Il me semble, Chryses, que je ne vois plus chez vous
Agatocle, qui paroissoit tant de vos amis ? Chryses.
Non, je ne sçai ce qu’il
est devenu ? Sophrone.
Lui ? il est
toujours en cette Ville, il n’y a que deux jours que je
l’ai rencontré. Chryses.
Qu’il soit
où il voudra, il ne vient plus chez-moi.
Sophrone.
Quoi, donc, êtes vous
brouillez ? Chryses.
Je ne croi
pas ; du moins je sçai que je ne suis pas brouillé avec
lui, c’est lui apparemment qui est brouillé avec moi ;
car pour moi je ne me brouille jamais avec personne.
Sophrone.
Mais encore ; quelle
raison croyez-vous qu’il ait eu de se brouiller avec
vous ? Chryses.
Aucune, que je
sçache ; mais il est formaliste, & il veut,
imaginez-vous, que je lui rende visite ; ou du moins que
j’envoïe quelque fois chez lui ? il se plait qu’après
trois ou quatre mois d’absence, je ne lui ai pas donné
avis de mon retour. Sophrone.
Etiez-vous parti sans lui dire ? Chryses.
La belle demande : pourquoi
lui-dire ! l’a t-il pû ignorer, &
n’a-t-il pas dû le deviner ? Sophrone.
Apparamment il a dû deviner aussi
votre retour.
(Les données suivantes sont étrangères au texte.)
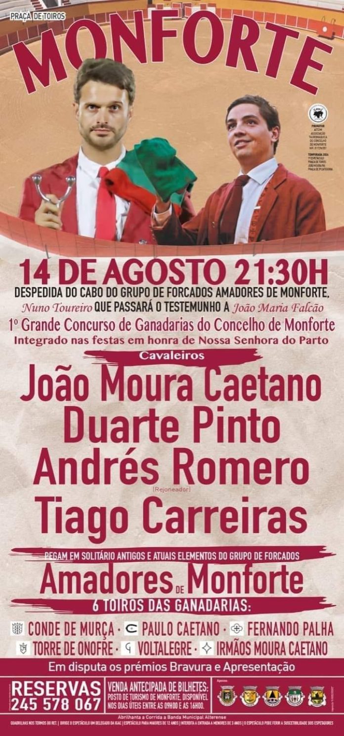 Uma corrida marcada pela mudança de cabo no Grupo de Forcados Amadores de Monforte, despedindo-se Nuno Toureiro, que passará o testemunho a João Maria Falcão.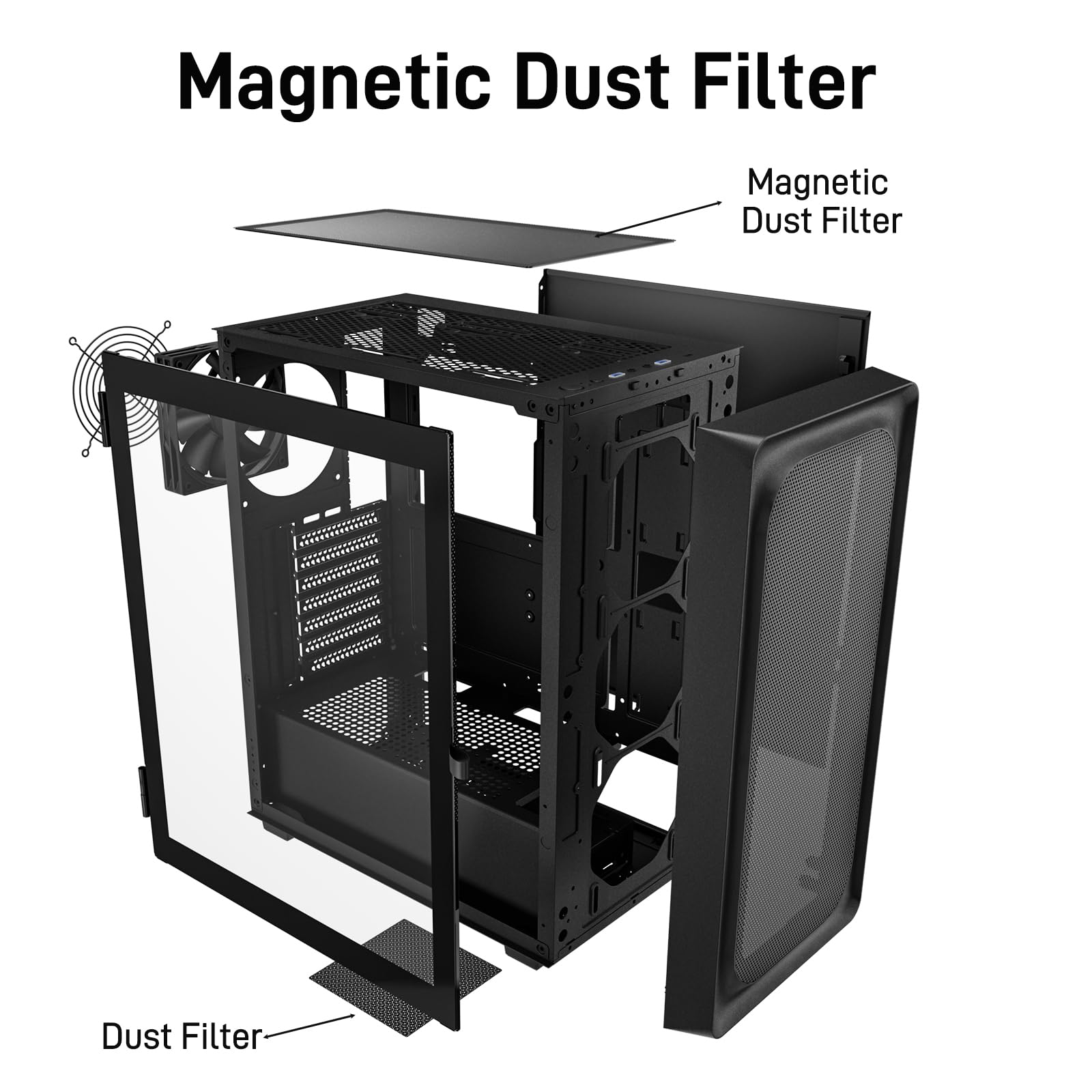 Magnetic Dust Filter: The magnetic dust filters are mounted separately on the top and bottom of the chassis to prevent dust from entering the interior of the chassis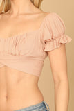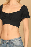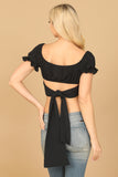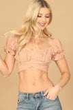 Elevate your everyday style with our Puff Sleeve Tie Back Crop Top. The puff sleeves add a playful touch while the tie back design creates a flattering fit. Perfect for any occasion, this crop top effortlessly combines fashion and comfort. Upgrade your wardrobe with this versatile piece now!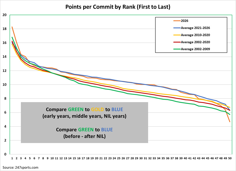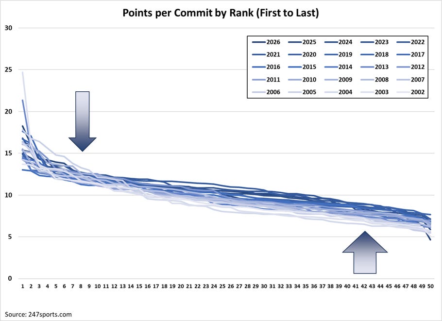 All the gain is at the bottom with actually some improvement at the top. This might indicate that the gains to the bottom teams are coming from better acquisitions at the expense of teams further down the rankings. See the note at the bottom about expanding the analysis as well as the caveats. Another thing to consider is if the data is consistent throughout the period examined (2002-2026). I believe it is based on my understanding of 247’s recruiting methodology, but this remains an area to examine.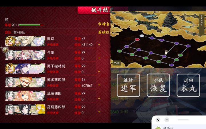 是这样的我一边在玩,一边在看小说,然后突然感觉有点不太对劲,看了一眼发现——呐,轻伤QAQ还有就是、还有就是我没有练短刀队,怎么过6-1?
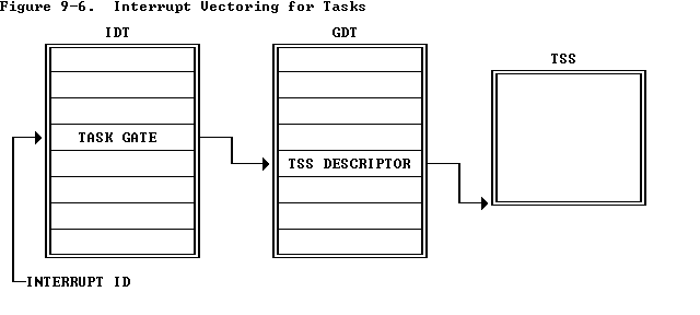 When an interrupt or exception vectors to a task gate in the IDT, a task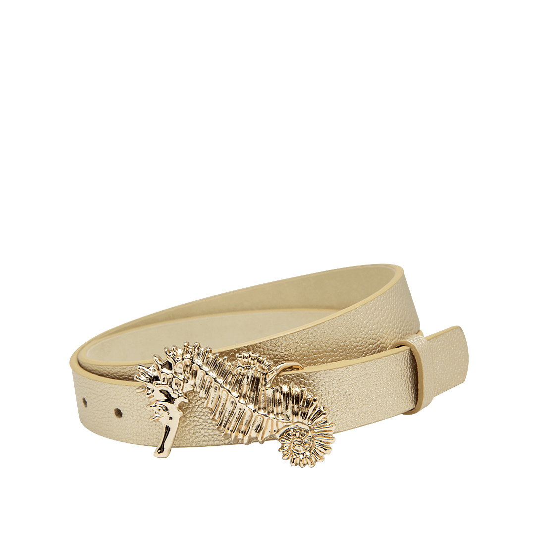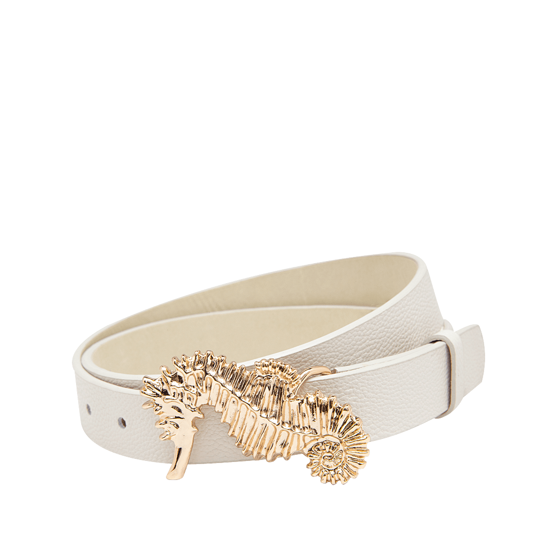 ¡Elegante y con estilo! • Cinturón para mujer en cuero granito color duna • Hebilla metálica en forma de caballo de mar • Hecho a mano en Colombia.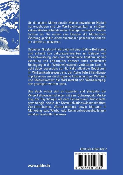 Sebastian Sieglerschmidt zeigt mit einer Online-Befragung und anhand von Laborexperimenten am Beispiel von Fernsehwerbung, dass eine thematische Abstimmung von Werbung und editorialem Kontext unter bestimmten Bedingungen die Werbewirksamkeit verbessern kann. Er geht dabei besonders auf die Rolle affektiver Reaktionen im Wirksamkeitsprozess ein. Der Autor liefert Handlungsimplikationen, wie durch gezielte Abstimmung von Werbung und Medienkontext die Wirksamkeit von Werbekampagnen gesteigert werden kann.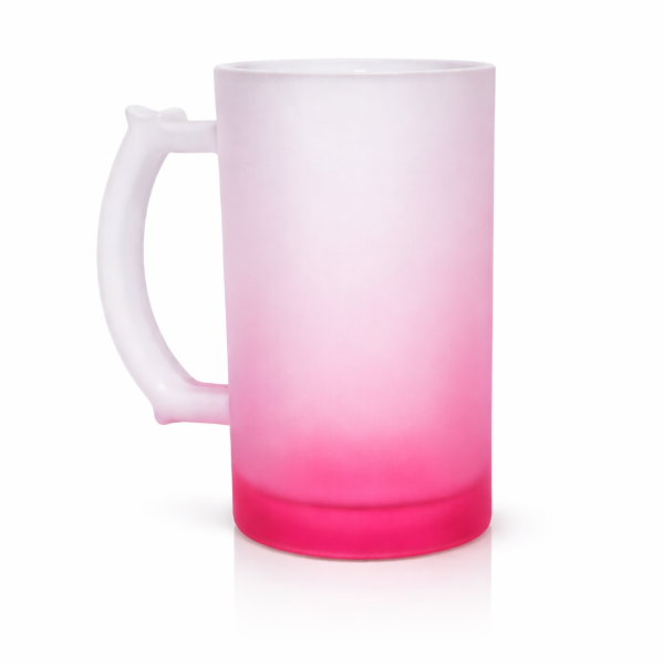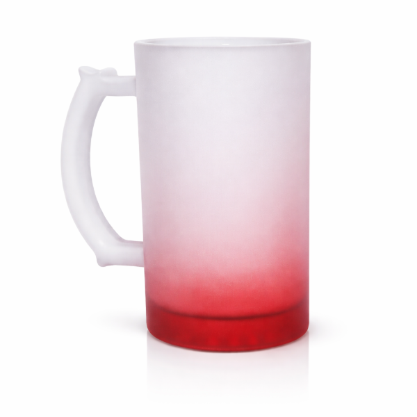 Chopp importado de vidrio esmerilado de alta calidad, con fondo de color sublimable. Ideal para personalizar con diseños, frases o logos y crear regalos únicos o piezas exclusivas para eventos y emprendimientos.

Chryses.
Ho ! pour
celui-là, il n’a eu que faire de deviner ; j’ai envoïé
dire mon retour à toutes mes connoissances, & ce
n’est que chez lui que je n’ai pas envoïé. Sophrone.
Hé ! pourquoi n’avez-vous
pas en même-tems envoïé chez lui ? Chryses.
Bon, est-ce qu’on en use ainsi avec
ses amis ? n’étoit-ce pas à lui à me venir voir, s’il en
avoit envie ? Sophrone.
Peut-être
a-t-il cru qu’il y avoit de l’affectation de votre part,
& que vous n’aviez manqué de l’avertir de votre
retour, que parce que vous ne vous souciez pas de le
voir.
Chryses.
C’est ce qu’il s’est
imaginé, & ce qui apparemment l’a empêché de venir ;
mais pour moi je ne lui ai donné aucun sujet de croire
que je ne me souciois pas de le voir. Sophrone.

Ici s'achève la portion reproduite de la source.